The "Maximum Walls Destroyed by Robots" coding problem typically involves a 2D grid representing a battlefield, with walls, open spaces, and possibly robots. You are tasked with determining the maximum number of walls a single robot can destroy by moving through the grid. The robot usually has certain movement constraints (e.g., moving horizontally or vertically) and a destruction range (e.g., it destroys all walls in its current row and column). This problem challenges your ability to efficiently analyze grid structures, potentially pre-calculating destruction capabilities, and then finding an optimal placement or path for a robot. It often combines techniques like array manipulation, prefix sums, and sometimes binary search or dynamic programming for optimization.
This Maximum Walls Destroyed by Robots interview question is often used to assess a candidate's ability to handle grid-based problems and apply efficient pre-computation techniques. Companies like Infosys look for how you can break down the problem into manageable sub-problems, such as calculating the number of walls in each row and column. It evaluates your understanding of space-time trade-offs, as pre-calculating information can significantly reduce the time complexity of finding the optimal robot placement. This problem is an excellent test of your analytical thinking, particularly in identifying patterns and leveraging data structures to avoid redundant computations, making it a strong array and matrix interview pattern.

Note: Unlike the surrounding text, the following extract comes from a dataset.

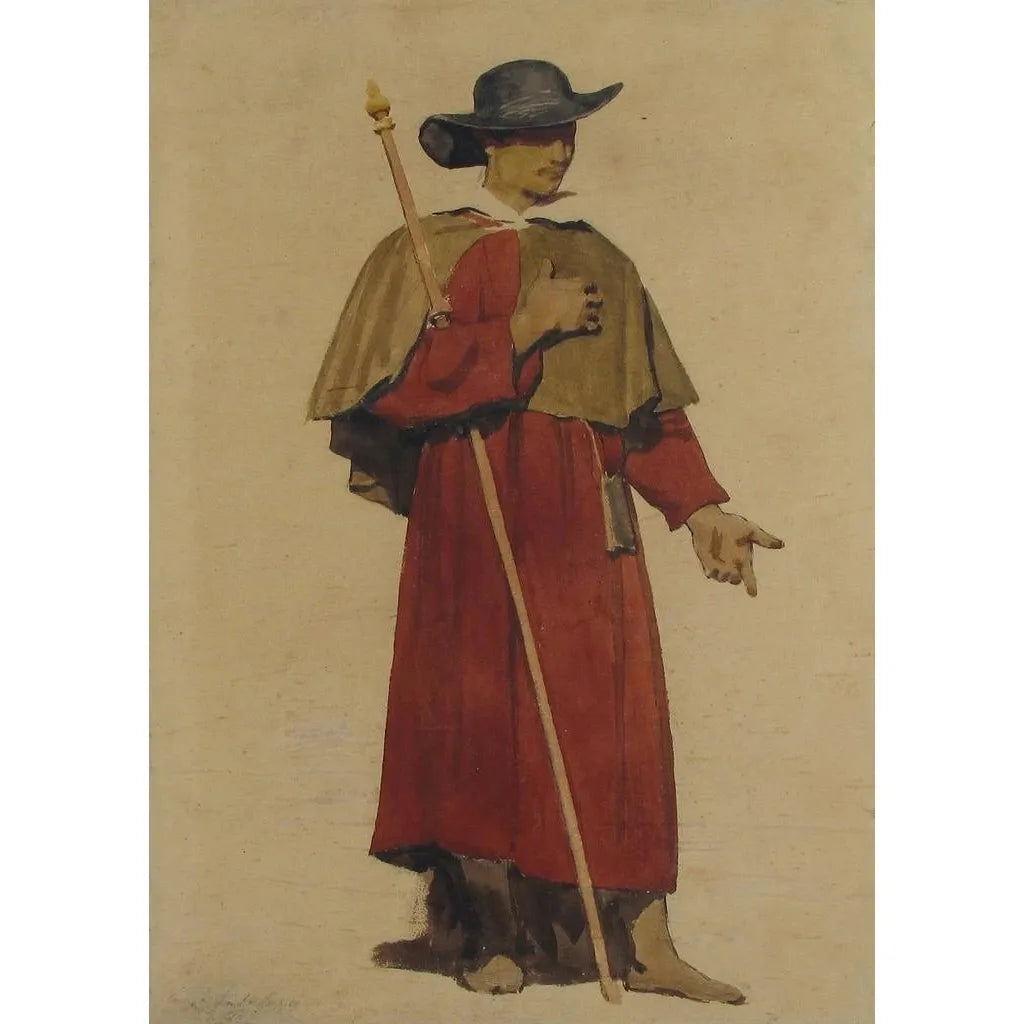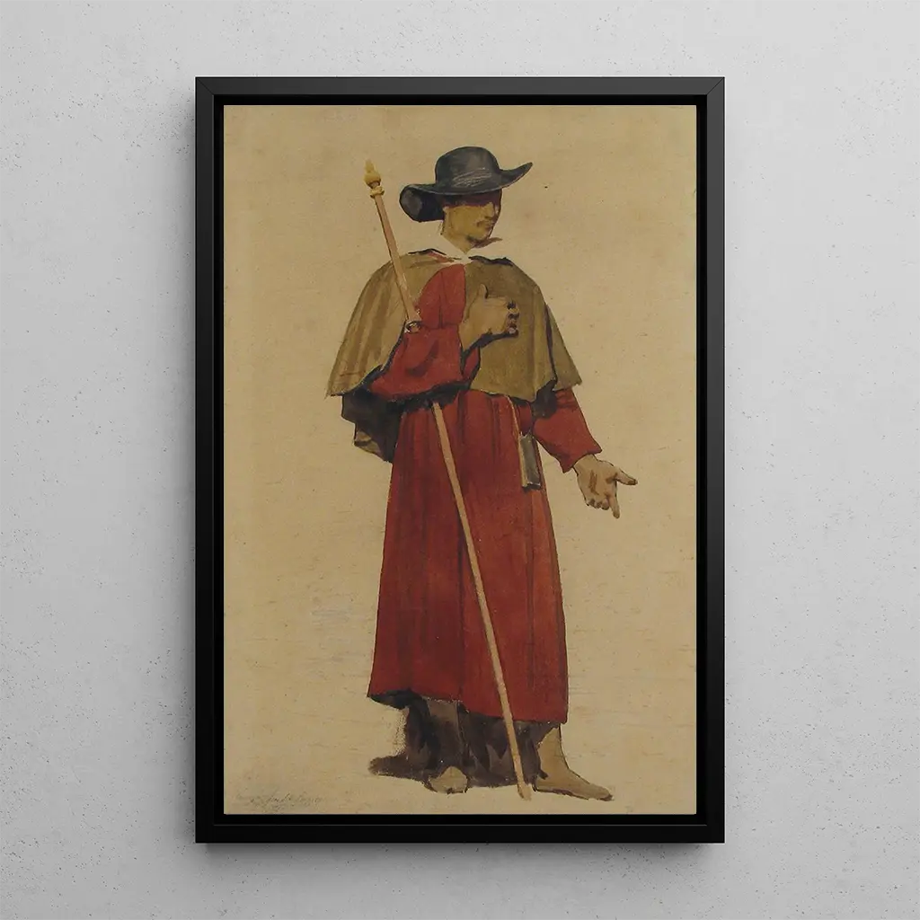 Kunsttrykket af En italiensk pilgrim fordyber os i en scene rig på følelser og symbolik. Hovedpersonen, klædt i traditionel stil, symboliserer rejsende på jagt efter mening. De jordfarvede nuancer og de fine skygger skaber en atmosfære af mystik og dybde. Teknikken med olie på lærred gør det muligt at gengive detaljerne i ansigtet og tøjet med stor præcision, hvilket understreger udtrykket af beslutsomhed og tro. Dette værk inviterer til refleksion over den indre rejse og de åndelige aspirationer, samtidig med at det fanger essensen af en æra, hvor tro og rejse var tæt forbundne.

The "Maximum Walls Destroyed by Robots" problem often utilizes a combination of Array manipulation, Prefix Sums, and possibly a brute-force check after pre-computation.

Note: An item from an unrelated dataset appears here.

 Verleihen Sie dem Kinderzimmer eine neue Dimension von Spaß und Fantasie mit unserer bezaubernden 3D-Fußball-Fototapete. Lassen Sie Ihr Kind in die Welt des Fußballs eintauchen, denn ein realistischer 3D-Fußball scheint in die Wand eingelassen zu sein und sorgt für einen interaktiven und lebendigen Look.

(r, c), you can determine how many walls are in row r and how many are in column c. This can be done in O(rows * cols) time.(r, c) where a robot could be placed. For each (r, c), the total walls destroyed would be walls_in_row[r] + walls_in_column[c]. You keep track of the maximum value found. Special care might be needed to avoid double-counting walls at the intersection (r, c) if (r, c) itself is a wall, or if the robot only destroys walls from open spaces.
This array and prefix sum interview pattern allows for an efficient solution, typically O(rows * cols) after the initial pre-computation.Consider a 3x3 grid:
['.', 'W', '.']
['W', '.', 'W']
['.', 'W', '.']
Where . is an empty space and W is a wall.
Calculate row and column wall counts:
Iterate through empty cells (where a robot can be placed) and find max walls destroyed:
walls_in_row[0] + walls_in_col[0] = 1 + 1 = 2 (minus 0 if (0,0) is not a wall, which it isn't).walls_in_row[0] + walls_in_col[2] = 1 + 1 = 2.walls_in_row[1] + walls_in_col[1] = 2 + 2 = 4 (minus 0 if (1,1) is not a wall, which it isn't).walls_in_row[2] + walls_in_col[0] = 1 + 1 = 2.walls_in_row[2] + walls_in_col[2] = 1 + 1 = 2.The maximum walls destroyed is 4 by placing the robot at (1,1). This example demonstrates the prefix sum strategy for the Maximum Walls Destroyed by Robots coding problem.
A common mistake in the "Maximum Walls Destroyed by Robots" coding problem is resorting to a naive approach of re-counting walls for each possible robot placement, leading to an inefficient O(R*C*(R+C)) time complexity. Forgetting to pre-calculate row and column sums is a major oversight. Another frequent error is incorrectly handling the intersection point—if a robot destroys walls in its row and column, and it's placed on a wall, that wall might be double-counted or not counted correctly. Not considering the exact rules of destruction (e.g., does it destroy walls even if the robot is on a wall, or only from open spaces?) can also lead to incorrect answers.
To ace the "Maximum Walls Destroyed by Robots" interview question, focus on understanding how to effectively use pre-computation techniques like prefix sums in grid-based problems. Practice calculating row and column sums efficiently. Think about how to handle different types of cells (walls, empty spaces) and how their properties affect the overall calculation. Always consider edge cases and constraints related to grid size and robot movement. Mastering this array manipulation and prefix sum interview pattern is crucial for many 2D array and matrix problems.